Drug Interactions between aspirin / omeprazole and betrixaban

MONITOR CLOSELY: Concomitant use of betrixaban with other agents that alter hemostasis such as aspirin, nonsteroidal anti-inflammatory drugs (NSAIDs), platelet aggregation inhibitors, other anticoagulants, thrombolytic agents, or drugs that cause thrombocytopenia may increase the risk of bleeding. In patients receiving neuraxial anesthesia or spinal puncture, the risk of developing an epidural or spinal hematoma during betrixaban therapy may also be increased by the concomitant use of other drugs that affect coagulation. The development of epidural and spinal hematoma can lead to long-term neurological injury or permanent paralysis.

MANAGEMENT: Caution is recommended if betrixaban must be used with other agents that alter hemostasis. Some authorities consider concomitant treatment with other anticoagulants to be relatively contraindicated except under special circumstances such as switching oral anticoagulant therapy, or when unfractionated heparin is used at doses required to maintain a patent central venous or arterial catheter. Patients should be monitored for increased anticoagulant effects and bleeding complications. In patients undergoing neuraxial intervention, coadministration of these agents should be approached with caution and only after thorough assessment of risks and benefits. Besides bleeding complications, patients should also be monitored frequently for signs and symptoms of neurologic impairment such as midline back pain, sensory and motor deficits (numbness or weakness in lower limbs), and bowel or bladder dysfunction.

Coadministration with proton pump inhibitors may decrease the oral bioavailability of aspirin and other salicylates. The interaction has been studied with omeprazole and aspirin, although data are conflicting. In one study, pretreatment with omeprazole (20 mg/day for 2 days) in 11 healthy volunteers led to a significant and progressively greater reduction in the mean serum salicylate level at 30, 60, and 90 minutes after administration of aspirin (650 mg single dose). The investigators suggest that acid suppression may reduce the lipophilic nature of aspirin, thereby adversely affecting its absorption from the gastrointestinal tract. Another study found no effect of omeprazole pretreatment (20 mg/day for 4 days) on plasma salicylate and aspirin levels, skin bleeding times, or antiplatelet effect of low-dose aspirin (125 mg single dose) in 14 healthy volunteers. However, these results do not exclude the possibility that omeprazole might interfere with the analgesic, antipyretic, or anti-inflammatory effects of aspirin, which has been demonstrated in rats.
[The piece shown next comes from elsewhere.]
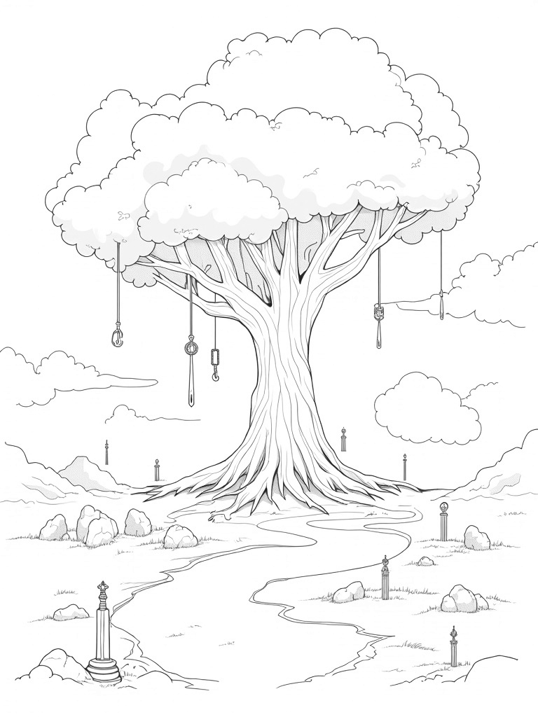Colossal Tree with Ancient Swords and Giant Clouds Coloring Page

Proton pump inhibitors may enhance the release rate of salicylates from enteric-coated formulations due to premature disruption of the coating and intragastric release of the drug secondary to an increase in gastric pH. In eight healthy volunteers, omeprazole pretreatment (20 mg/day for 4 days) did not affect the bioavailability of salicylate from uncoated aspirin tablets but significantly increased the absorption rate of salicylate from enteric-coated sodium salicylate tablets. The clinical significance of this interaction is unknown. Theoretically, it may increase the risk of gastric adverse effects associated with salicylates.